Rebasing to Hardware Native Gates
Each hardware vendor supports a different native gate set. TKET provides RebaseCustom to rewrite any circuit into an arbitrary set of single-qubit and two-qubit primitives.
IBM Native Gates
For IBM devices the native set is {Rz, SX, X, CX}. The single-qubit decomposition converts the universal TK1(a, b, c) gate into a sequence of Rz and SX rotations. TK1(a, b, c) represents an arbitrary single-qubit unitary as Rz(a) Ry(b) Rz(c). To express Ry in terms of Rz and SX, we use the identity Ry(b) = Rz(-0.5) SX Rz(b) SX^dag Rz(0.5), which gives a decomposition into at most 3 Rz and 2 SX gates.

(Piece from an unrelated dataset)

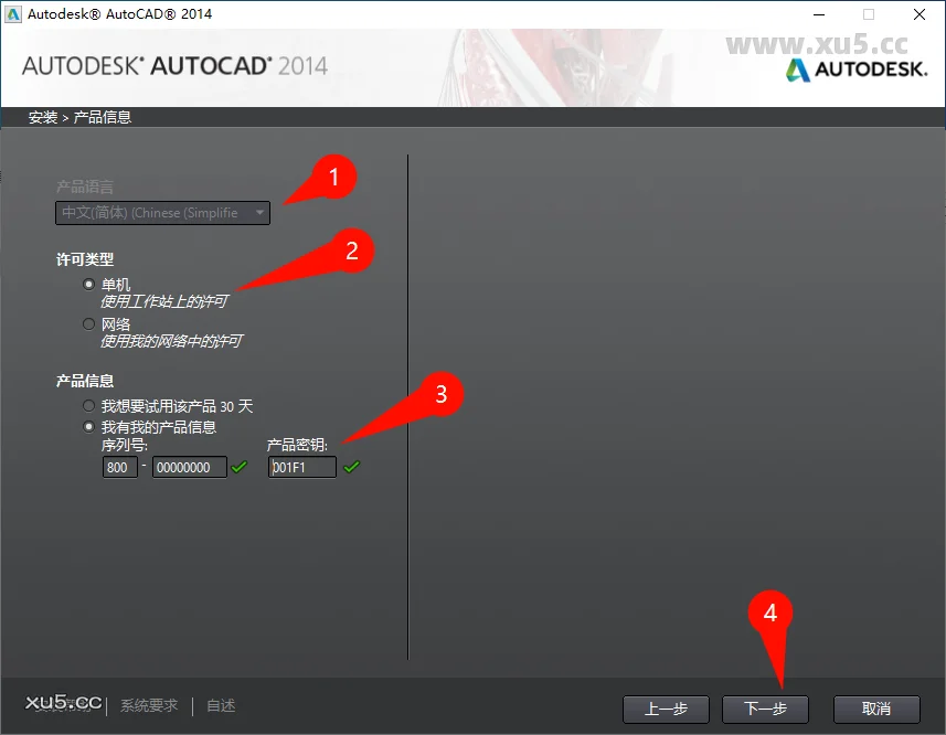 选择许可类型【单机】,输入序列号【800-00000000】,密钥【001F1】,点击下一步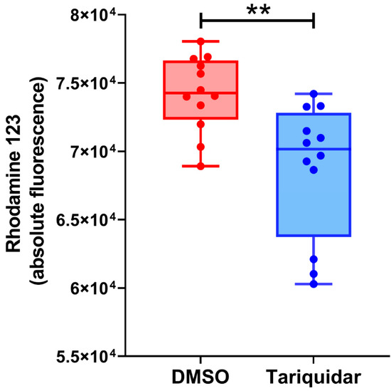 Uptake (or accumulation) of the Pgp substrate rhodamine 123 in the crude endolysosomal fraction of rat liver in the absence or presence of the Pgp inhibitor tariquidar. Tariquidar was used at a concentration of 0.5 µM and rhodamine 123 at 2 µM. Data are shown as boxplots with whiskers from minimum to maximal values; the horizontal line in the boxes represents the median value. In addition, individual data are shown. The experiment was performed 4-times with three replicates per experiment. The significance of the difference is indicated by asterisks (** p = 0.0018).

from pytket.passes import RebaseCustom
from pytket.circuit import Circuit, OpType
def tk1_to_rzsx(a, b, c):
"""Decompose TK1(a,b,c) into Rz and SX gates (IBM native)."""
circ = Circuit(1)
circ.Rz(c, 0)
circ.SX(0)
circ.Rz(b, 0)
circ.SX(0)
circ.Rz(a, 0)
return circ
cx_circ = Circuit(2)
cx_circ.CX(0, 1)
ibm_rebase = RebaseCustom(
{OpType.Rz, OpType.SX, OpType.X},
cx_circ,
tk1_to_rzsx,
)
circ = Circuit(3)
circ.H(0).CX(0, 1).T(1).CX(1, 2).Tdg(2)
ibm_rebase.apply(circ)
print("IBM native gates:")
for cmd in circ.get_commands():
print(f" {cmd.op.type.name} on {cmd.qubits}")
IonQ Native Gates
IonQ trapped-ion hardware uses a fundamentally different native gate set. The single-qubit primitive is GPi (and its variant GPi2), which performs rotations on the equator of the Bloch sphere. The two-qubit primitive is the Molmer-Sorensen (MS) gate, a globally entangling operation that creates a maximally entangled state.
The GPi(phi) gate applies a pi-rotation around an axis in the XY plane at angle phi:
GPi(phi) = [[0, e^(-i*phi)], [e^(i*phi), 0]]
The GPi2(phi) gate is a pi/2 rotation around the same axis. Together, GPi and GPi2 can produce any single-qubit rotation. The relationship to the standard Euler angles is:
- Rz(theta) = GPi2(0) GPi2(-theta) (up to global phase)
- Any TK1(a,b,c) decomposes into at most 3 GPi2 gates
The MS gate is the symmetric Molmer-Sorensen interaction: MS = exp(-i pi/4 XX), which is equivalent to a CX up to single-qubit corrections.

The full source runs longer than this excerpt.